2017年12月14日のスポーツ・地域ニュースには、シーズンを振り返るプロ野球選手のインタビュー、徳島県でイノシシが芝生を荒らす被害、そして秩父宮ラグビー場の芝の状態をめぐる問題提起など、「芝生」に関わる話題が相次いで取り上げられました。プロ野球選手の守備ミスの背景にあった芝の違い、公園管理の悩ましい獣害問題、スポーツ施設が抱える養生期間のジレンマ。一見バラバラに見える3つの出来事ですが、いずれも芝生の状態が競技や景観、そして人々の生活に直結していることを示す事例です。この記事では、それぞれのニュースの詳細と、そこから見えてくる芝生管理の課題を整理してご紹介します。
松田宣浩選手がWBCを振り返る #プロ野球 #ソフトバンク #WBC
ヤフー系のニュースサイト「THE PAGE」に、プロ野球・福岡ソフトバンクホークスの松田宣浩選手がシーズンを振り返るインタビューが掲載されました。ソフトバンクは2017年、2年ぶり20度目のリーグ優勝、そして2年ぶり8度目の日本一という輝かしい成績を収めています。しかし松田選手個人にとっては、この年は世界一奪還を逃したWBC(ワールド・ベースボール・クラシック)での悔しさが強く残るシーズンでもありました。

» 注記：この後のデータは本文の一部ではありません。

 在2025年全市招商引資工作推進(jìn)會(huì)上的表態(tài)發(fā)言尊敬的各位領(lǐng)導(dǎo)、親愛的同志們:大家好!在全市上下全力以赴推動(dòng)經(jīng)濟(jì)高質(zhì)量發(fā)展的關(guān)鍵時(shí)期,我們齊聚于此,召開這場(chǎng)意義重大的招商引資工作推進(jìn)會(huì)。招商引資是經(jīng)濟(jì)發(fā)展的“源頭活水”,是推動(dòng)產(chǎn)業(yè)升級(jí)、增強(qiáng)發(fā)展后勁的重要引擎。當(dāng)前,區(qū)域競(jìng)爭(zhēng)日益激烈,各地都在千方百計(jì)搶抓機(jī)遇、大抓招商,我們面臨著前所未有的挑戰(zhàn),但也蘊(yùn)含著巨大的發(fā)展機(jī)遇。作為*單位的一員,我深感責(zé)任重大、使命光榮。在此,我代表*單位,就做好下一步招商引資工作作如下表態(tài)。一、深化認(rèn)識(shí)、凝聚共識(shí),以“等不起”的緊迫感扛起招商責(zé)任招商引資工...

予選ラウンドを突破した小久保ジャパンは、3月21日にアメリカとの準決勝を迎えます。この試合で松田選手はサードゴロを軽くファンブルし、痛恨の勝ち越し点を許してしまいました。普段であれば何ら問題のない打球処理でしたが、芝の状態を含めた慣れない環境の中で、心の準備が整わなかったといいます。ソフトバンクの本拠地・福岡ドームは人工芝であり、天然芝が使用されたドジャースタジアムとの感触の違いが影響したものと考えられます。九州の芝生事例
人工芝と天然芝では、ボールのバウンドの速さや高さ、選手の足元の踏み感が異なります。国際大会では会場のグラウンド事情に慣れる時間が限られるため、こうした環境差が思わぬミスを招くことは珍しくありません。WBC後遺症とも言えるこの一件を経て打撃は一時不振に陥りましたが、松田選手は奮起し、5年連続で三塁部門のゴールデングラブ賞を受賞するまでに立て直しています。

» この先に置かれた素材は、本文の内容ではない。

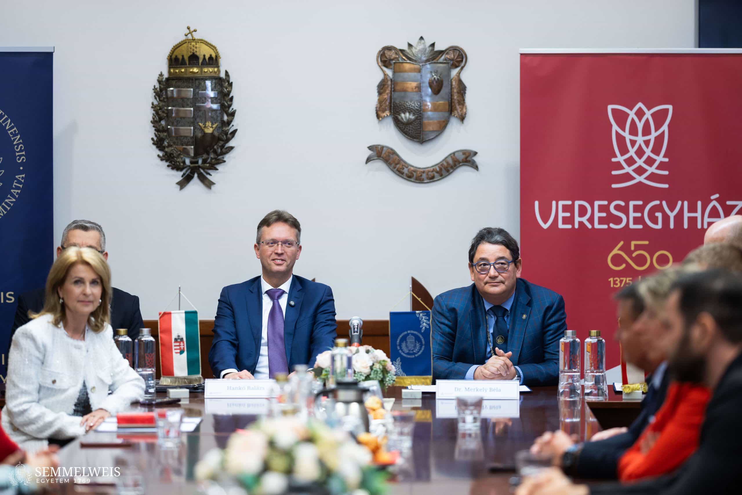 A veresegyházi városháza dísztermében megrendezett aláírási ceremónia, majd az azt követő háziorvosi fórum moderátora Cserháti Ferenc polgármester volt. Elsőként dr. Hankó Balázs kultúráért és innovációért felelős miniszter köszöntötte a vendégeket. Mint elmondta, a mai napon egy 650 éves város és egy több mint 250 éves intézmény köt egymással megállapodást. „Nem másért, mint hogy a veresiek és a Veresegyház környékén élők még egészségesebben, még tovább és még jobb életminőségben tudjanak élni” – magyarázta, hozzátéve, hogy a város úgy ünnepelte a tavalyi kerek évfordulóját, hogy csatlakozott a WHO Egészséges Város kezdeményezéséhez. Ebben nyújt számára segítséget a Semmelweis Egyetem, melynek a megállapodással nemcsak nemzetközi és országos elismertsége, de a helyi közösségben betöltött szerepvállalása is erősödik. A miniszter kiemelte, hogy a tavalyi évben az egyetemhez csatlakozott a Gödöllői Semmelweis Egészségközpont, ezzel pedig megújul a szakrendelő, növekedett a szakorvosi órák száma, az ellátás minősége és számos új eszköz beszerzése és az egészségügyi ellátásba történő integrációja is megvalósult.

一瞬、なぜか、集中力が追いつかなかった。だから「投げた」「打った」の時間が飛んだ。
雨で芝は濡れていて、しかも、慣れないドジャースタジアムの天然芝である。
気をとられるものが多い。いつもの心の準備ができていなかったという。「ミスしなければホームのタイミングはアウトだったと思う」
SBの“熱男”松田が語る「WBC後遺症あった」「3年後に東京五輪目指す」 | THE PAGE(ザ・ページ) / 2017.12.14
徳島市・眉山周辺でイノシシが公園を荒らす被害が相次ぐ #四国 #獣害
四国・徳島市の眉山(びざん)周辺では、イノシシによって公園などが荒らされる被害が相次いで報告されています。個体数の増加とともに、人家近くまで生息域が広がっていることが原因と見られています。寺社の境内に入り込んで苔を剥がしたり石垣を崩したりする被害だけでなく、公園に侵入して芝生を荒らす事例も出てきており、地域の景観や維持管理に少なからぬ影響を与えています。

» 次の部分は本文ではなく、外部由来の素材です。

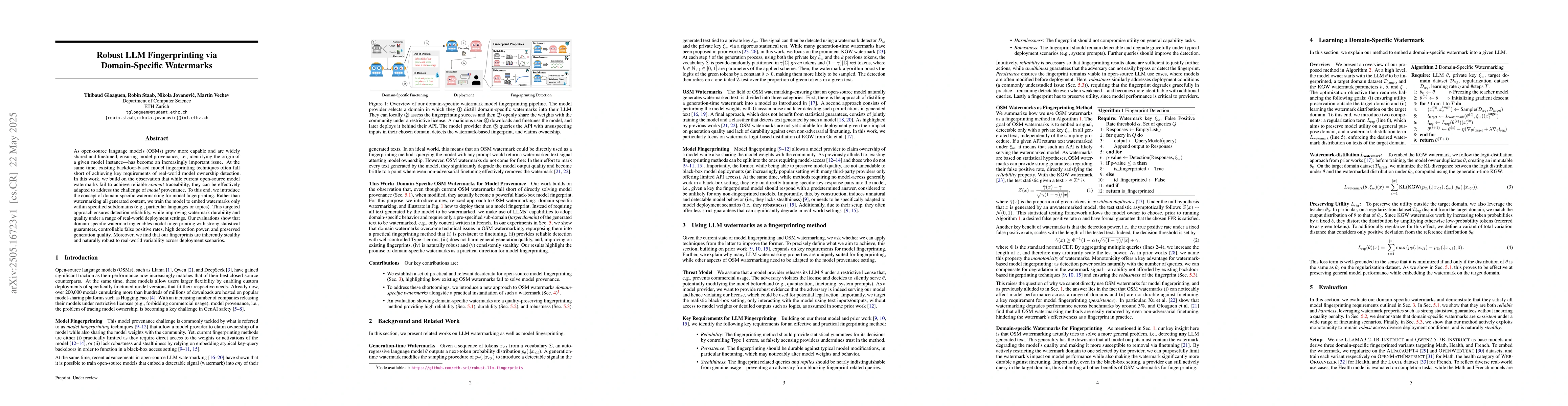 This paper introduces domain-specific watermarking for robust model fingerprinting in open-source language models, improving detection reliability and durability while preserving generation quality.

被害が報告されている西部公園は、眉山の中腹にある台地に位置し、500本のソメイヨシノが植えられていることから「日本のさくら名所100選」にも選ばれた場所です。しかしイノシシは眉山全域に生息しているとみられ、この人気スポットも被害を免れていません。
ぷちアソビ「こんなことあった」①:「おへんろ。」歩きお遍路の眉山で見つけた看板。
<イノシシ出没にご注意>
おぉ!最近、120kgを捕獲したばかりと徳島市観光協会から本日聞きました。
眉山も山!ご注意ください#ufotable pic.twitter.com/JjQE7dINHX— 近藤光(ufotable) (@hikaruufo) March 17, 2015
眉山中腹にある桜の名所・西部公園(加茂名町)では、今春ごろから芝生を剥がされる被害が発生。公園を管理する市公園緑地管理公社によると、10月に整備し直したが、直後にまた荒らされた。芝の根の間に潜むミミズを狙っているとみられる。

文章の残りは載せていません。